WINGED WONDER: PTEROSAUR

• Some of these weighed less than 6kg but had a 22-foot wingspan

• Would scoop up fish with a pelican-like throat pouch

• Had wings made of a stretchy, skin and muscle membrane, similar to a bat’s

These winged reptiles soared through the skies of the Cretaceous period 228 to 66 million years ago. Best known for the pterodactyl, the Pterosaur actually encompassed at least 130 generations that ranged in size from that of a hummingbird (anurognathus) to the giraffe-sized quetzalcoatlus. While pterosaur flew above them, it wasn’t technically a dinosaur or even an ancestor of modern birds. Rather, it is widely considered to have evolved convergent to bats and birds. The creature’s name means winged finger in Greek. This is due to the pterosaur’s wings, which comprised a unique membrane of skin and muscle stretching between a protracted fourth finger on its hand to the hind limbs – an anatomy similar to that of a bat.

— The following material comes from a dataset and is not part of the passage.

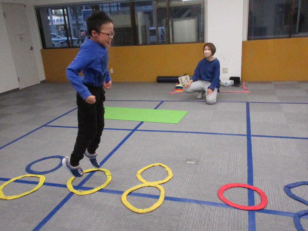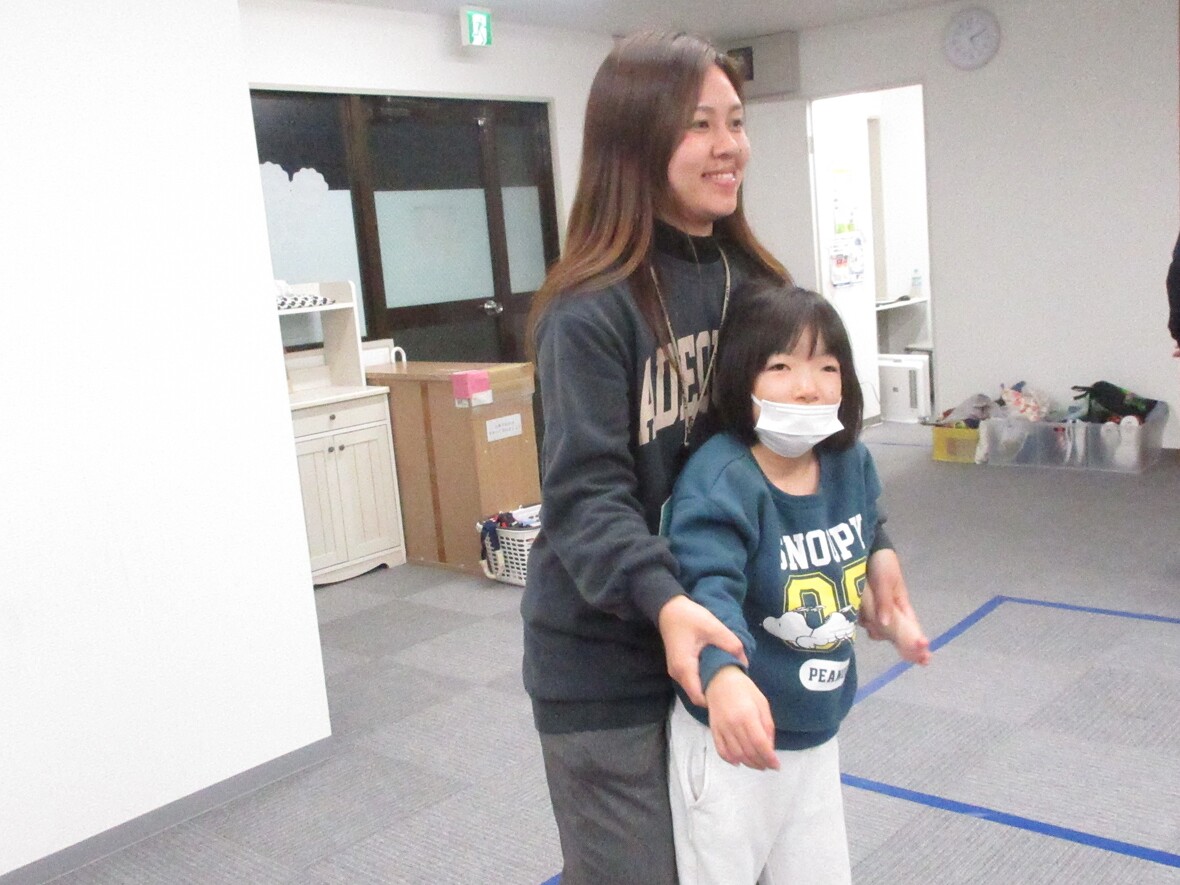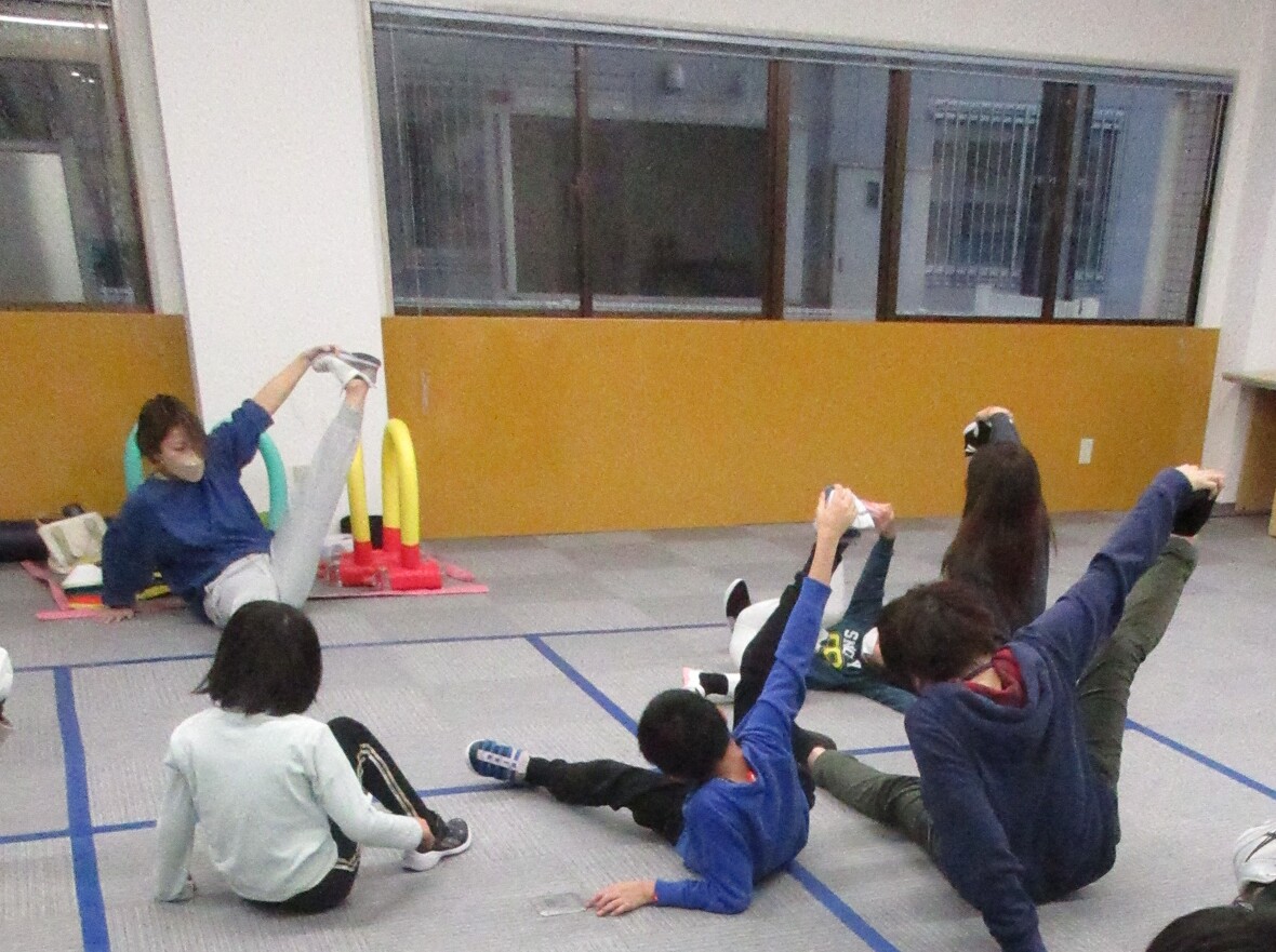2023年11月16日(木) スタッフブログ ナツミ先生とダンス♬(フィットネス) 今日はナツミ先生とフィットネスプログラムを行う日!!準備運動のストレッチングは指導員の先生も一緒に行いました。トンネルくぐり、ジャンプなどで体をほぐしてから、しっかりダンスにチャレンジしました。!! 開脚してしっかりストレッチング ウォーミングアップとしていろいろな運動もがんばりました ジャンプもバッチリ さあダンス!! がんばってます 先生が協力してくれました

Pterosaur flew across the prehistoric globe, with the closest discovery to the UAE being a find in Kenya, which was then part of the vast Gondwanan supercontinent that encompassed Africa, Arabia, Antarctica, the Indian subcontinent and South America throughout the Cretaceous period.

To feed, pterosaurs relied on their speed, which may have reached 108kph, and a pelican-like throat pouch that would scoop unsuspecting fish from the shallow inland seas common in the Cretaceous era. The unfortunate prey would then feel the bite of razor-sharp teeth.

Thanks to its hollow bones, the animal could have weighed as little as 5.5kg, even with a wingspan crossing 22 feet (in the pterodactyl).